--- Collected data entries ---
:::
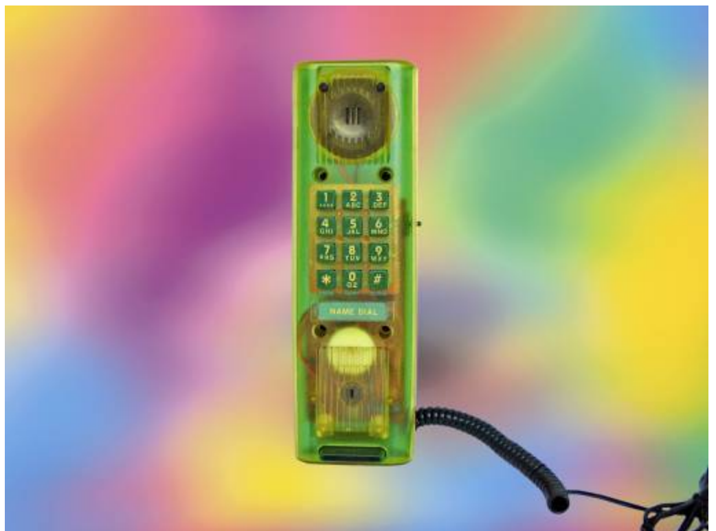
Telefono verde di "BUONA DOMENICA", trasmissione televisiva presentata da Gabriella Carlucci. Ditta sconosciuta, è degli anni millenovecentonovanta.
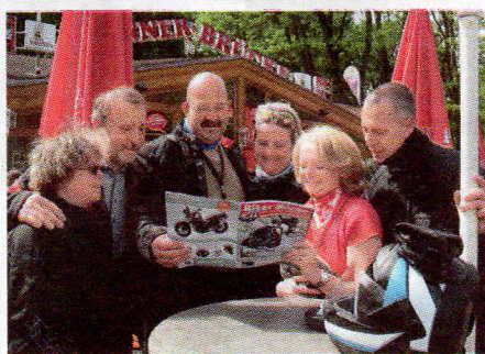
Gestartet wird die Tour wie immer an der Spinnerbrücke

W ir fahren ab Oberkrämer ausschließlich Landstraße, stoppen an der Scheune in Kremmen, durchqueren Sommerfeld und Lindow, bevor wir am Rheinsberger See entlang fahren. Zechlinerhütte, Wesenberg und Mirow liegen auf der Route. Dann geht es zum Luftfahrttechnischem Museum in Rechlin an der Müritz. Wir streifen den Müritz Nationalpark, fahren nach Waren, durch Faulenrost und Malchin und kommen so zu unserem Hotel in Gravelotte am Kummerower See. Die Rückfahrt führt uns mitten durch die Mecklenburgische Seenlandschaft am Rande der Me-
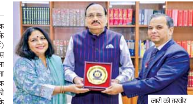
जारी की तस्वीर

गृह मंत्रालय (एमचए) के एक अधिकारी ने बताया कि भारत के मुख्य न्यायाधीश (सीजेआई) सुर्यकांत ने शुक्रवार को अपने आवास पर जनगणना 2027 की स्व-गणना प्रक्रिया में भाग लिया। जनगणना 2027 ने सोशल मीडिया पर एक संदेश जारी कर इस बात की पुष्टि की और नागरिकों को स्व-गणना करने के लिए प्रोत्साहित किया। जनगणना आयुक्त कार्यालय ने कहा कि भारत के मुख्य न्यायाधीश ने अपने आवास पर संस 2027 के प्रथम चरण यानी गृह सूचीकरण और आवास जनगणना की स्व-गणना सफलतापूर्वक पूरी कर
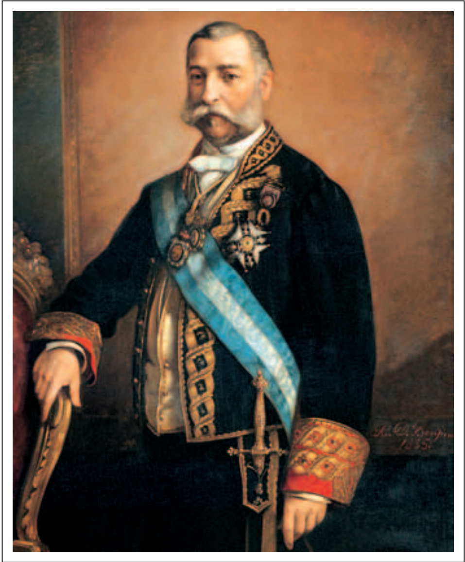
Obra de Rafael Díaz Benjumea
:::
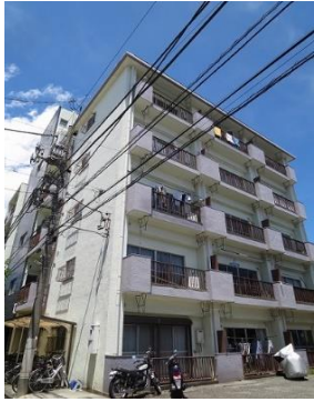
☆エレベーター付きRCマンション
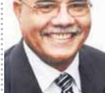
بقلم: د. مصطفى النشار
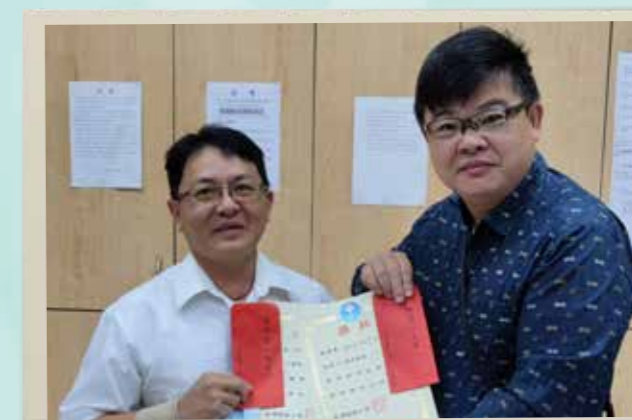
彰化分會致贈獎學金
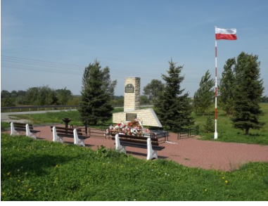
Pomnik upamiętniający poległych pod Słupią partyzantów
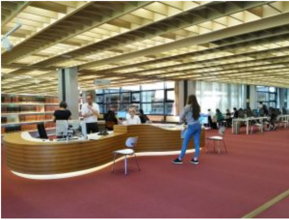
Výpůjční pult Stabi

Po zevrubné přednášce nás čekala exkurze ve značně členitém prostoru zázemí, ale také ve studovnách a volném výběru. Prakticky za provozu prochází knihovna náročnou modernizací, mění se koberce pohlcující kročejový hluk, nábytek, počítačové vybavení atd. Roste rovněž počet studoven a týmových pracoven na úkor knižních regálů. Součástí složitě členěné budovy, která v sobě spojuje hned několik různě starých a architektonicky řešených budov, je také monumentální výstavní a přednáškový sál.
:::
--- Assignment ---
Print nothing except the lines above from the one containing "Pomnik upamiętniający poległych" down to the one containing "Po zevrubné přednášce", both included, exactly as written and free of pictures.

--- Task solution ---
Pomnik upamiętniający poległych pod Słupią partyzantów
Výpůjční pult Stabi

Po zevrubné přednášce nás čekala exkurze ve značně členitém prostoru zázemí, ale také ve studovnách a volném výběru. Prakticky za provozu prochází knihovna náročnou modernizací, mění se koberce pohlcující kročejový hluk, nábytek, počítačové vybavení atd. Roste rovněž počet studoven a týmových pracoven na úkor knižních regálů. Součástí složitě členěné budovy, která v sobě spojuje hned několik různě starých a architektonicky řešených budov, je také monumentální výstavní a přednáškový sál.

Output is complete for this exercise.